-- Opening Marker --

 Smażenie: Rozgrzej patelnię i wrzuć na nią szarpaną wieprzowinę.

-- Closing Marker --
-- Opening Marker --

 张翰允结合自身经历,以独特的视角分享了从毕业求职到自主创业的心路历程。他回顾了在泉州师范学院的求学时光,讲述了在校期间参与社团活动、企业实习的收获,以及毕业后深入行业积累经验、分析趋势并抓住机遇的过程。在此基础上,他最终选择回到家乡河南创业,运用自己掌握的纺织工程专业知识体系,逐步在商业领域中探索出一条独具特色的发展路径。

-- Closing Marker --
-- Opening Marker --

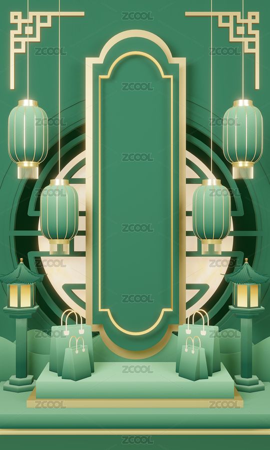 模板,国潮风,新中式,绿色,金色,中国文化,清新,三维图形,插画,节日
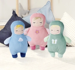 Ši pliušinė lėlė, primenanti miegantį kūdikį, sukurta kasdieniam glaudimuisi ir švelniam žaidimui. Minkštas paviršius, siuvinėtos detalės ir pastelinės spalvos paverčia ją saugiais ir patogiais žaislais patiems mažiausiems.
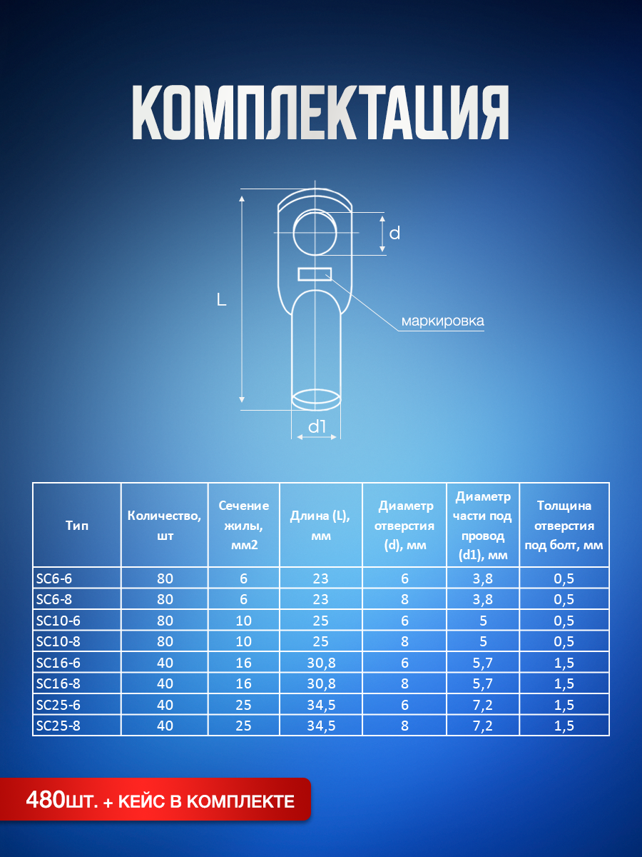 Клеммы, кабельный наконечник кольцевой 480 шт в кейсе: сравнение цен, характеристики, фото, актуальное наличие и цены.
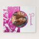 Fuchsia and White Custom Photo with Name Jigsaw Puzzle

-- Closing Marker --

— EXERCISE BRIEF —
Print an exact copy of the lines above, from the one containing "模板,国潮风,新中式,绿色,金色,中国文化,清新,三维图形,插画,节日" through the one containing "Fuchsia and White", and leave out the pictures.

— EXERCISE SOLUTION —
 模板,国潮风,新中式,绿色,金色,中国文化,清新,三维图形,插画,节日
 Ši pliušinė lėlė, primenanti miegantį kūdikį, sukurta kasdieniam glaudimuisi ir švelniam žaidimui. Minkštas paviršius, siuvinėtos detalės ir pastelinės spalvos paverčia ją saugiais ir patogiais žaislais patiems mažiausiems.
 Клеммы, кабельный наконечник кольцевой 480 шт в кейсе: сравнение цен, характеристики, фото, актуальное наличие и цены.
 Fuchsia and White Custom Photo with Name Jigsaw Puzzle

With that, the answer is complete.